Atrocious write performance

Marco3G

Dabbler
Joined
Mar 15, 2022
Messages
28
Hi everyone

A bit of background: I noticed that some shows in my Jellyfin VM (running on a zvol over iSCSI located on three NVMe gumsticks and having media mounted via NFS from another ZFS pool on 12 spindles) took a long time to start running.

During that troubleshooting, I noticed that the performance on the transcription directory had very bad write performance. I did tests with dd and hdparm and while hdparm returned outrageous read performance in the multiple GB/s (impossible, as the LAN is 10G), dd was much more interesting.

I used
dd if=/dev/zero of=/tmp/test1.img bs=1G count=1 oflag=dsync
and
dd if=/dev/zero of=/tmp/test2.img bs=512 count=1000 oflag=dsync

And while the former gave me about 250 MB/s IIRC, the latter was in the few hundred kb/s.
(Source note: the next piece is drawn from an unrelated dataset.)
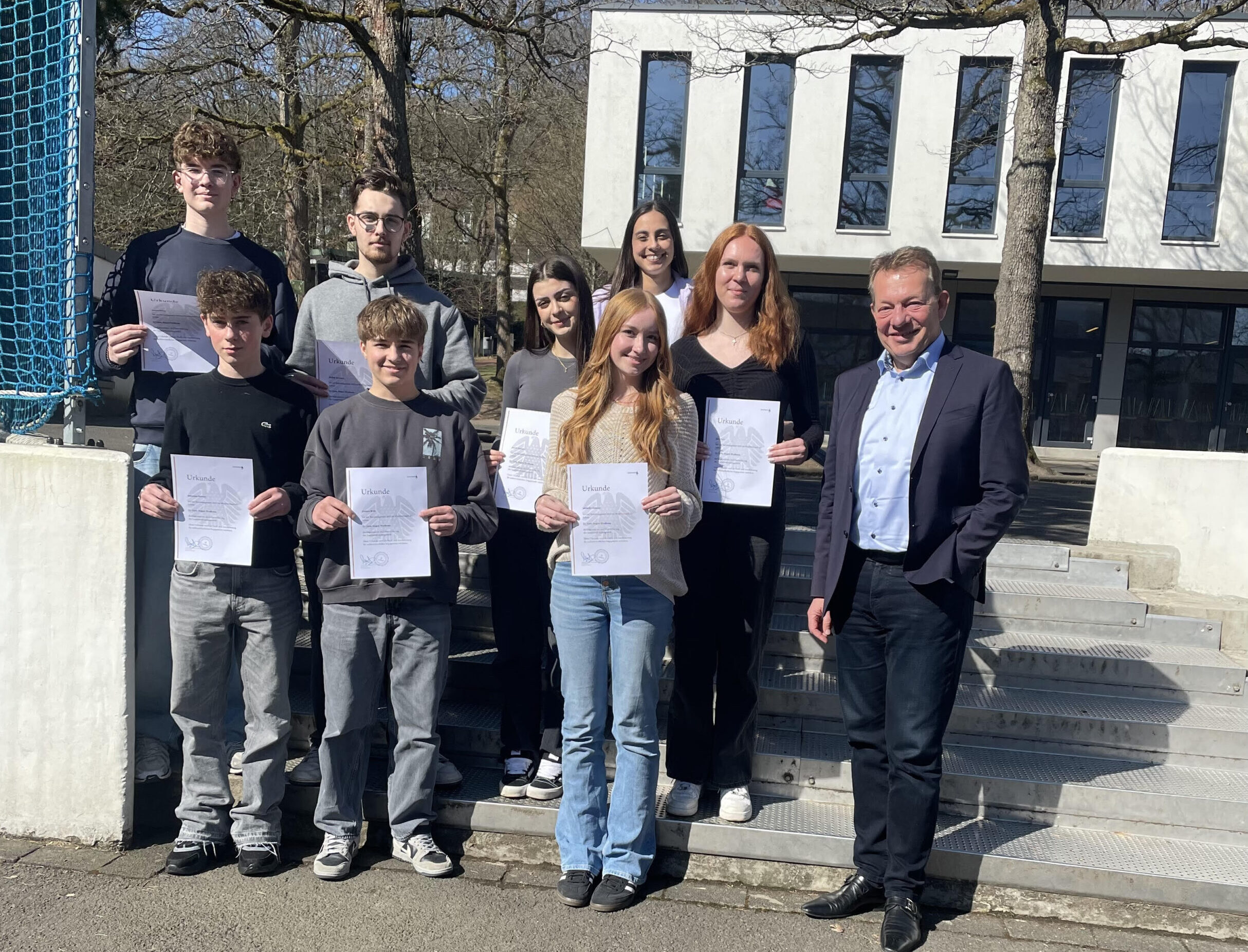 Ein besonderer Höhepunkt war der Besuch des Bürgermeisters, der eigens mit dem Fahrrad anreiste, um den engagierten Wahlhelferinnen und Wahlhelfern persönlich ihre Urkunden zu überreichen. Dabei hob er hervor, wie zentral Wahlen für eine lebendige Demokratie sind, und würdigte den Einsatz aller Beteiligten. Immerhin war es bereits sein dritter Besuch im Rahmen unserer Juniorwahlen.

So I SSHed into TrueNAS and ran

fio --direct=1 --rw=write --bs=4k --ioengine=posixaio --iodepth=64 --name=throughput-test-job --ramp_time=5 --size=1G --filename=/dev/zvol/pool0/somezvol

I tested a relatively empty, new zvol on the NVMe RAIDZ1 (lz4 compression and dedup on) and got :
Jobs: 1 (f=1): [W(1)][83.3%][w=180MiB/s][w=46.2k IOPS][eta 00m:02s]
throughput-test-job: (groupid=0, jobs=1): err= 0: pid=8683: Fri Feb 23 08:40:17 2024
write: IOPS=43.0k, BW=168MiB/s (176MB/s)(776MiB/4621msec); 0 zone resets
slat (usec): min=7, max=3267, avg=20.31, stdev=61.39
clat (usec): min=104, max=19307, avg=782.09, stdev=993.58
lat (usec): min=113, max=20324, avg=802.43, stdev=1014.72
clat percentiles (usec):
| 1.00th=[ 127], 5.00th=[ 159], 10.00th=[ 212], 20.00th=[ 314],
| 30.00th=[ 416], 40.00th=[ 519], 50.00th=[ 619], 60.00th=[ 725],
| 70.00th=[ 824], 80.00th=[ 930], 90.00th=[ 1106], 95.00th=[ 1647],
| 99.00th=[ 6063], 99.50th=[ 7504], 99.90th=[11076], 99.95th=[13042],
| 99.99th=[16319]
bw ( KiB/s): min=28781, max=236660, per=99.82%, avg=171602.11, stdev=83549.79, samples=9
iops : min= 7195, max=59165, avg=42900.22, stdev=20887.36, samples=9
lat (usec) : 250=13.68%, 500=24.56%, 750=24.53%, 1000=22.98%
lat (msec) : 2=10.39%, 4=1.91%, 10=1.82%, 20=0.16%
cpu : usr=5.74%, sys=69.91%, ctx=17869, majf=0, minf=1
IO depths : 1=1.6%, 2=3.1%, 4=6.2%, 8=12.5%, 16=25.0%, 32=50.0%, >=64=1.6%
submit : 0=0.0%, 4=100.0%, 8=0.0%, 16=0.0%, 32=0.0%, 64=0.0%, >=64=0.0%
complete : 0=0.0%, 4=98.5%, 8=0.0%, 16=0.0%, 32=0.0%, 64=1.5%, >=64=0.0%
issued rwts: total=0,198531,0,0 short=0,0,0,0 dropped=0,0,0,0
latency : target=0, window=0, percentile=100.00%, depth=64

Run status group 0 (all jobs):
WRITE: bw=168MiB/s (176MB/s), 168MiB/s-168MiB/s (176MB/s-176MB/s), io=776MiB (813MB), run=4621-4621msec

Not eye watering, blazingly fast but looks workable.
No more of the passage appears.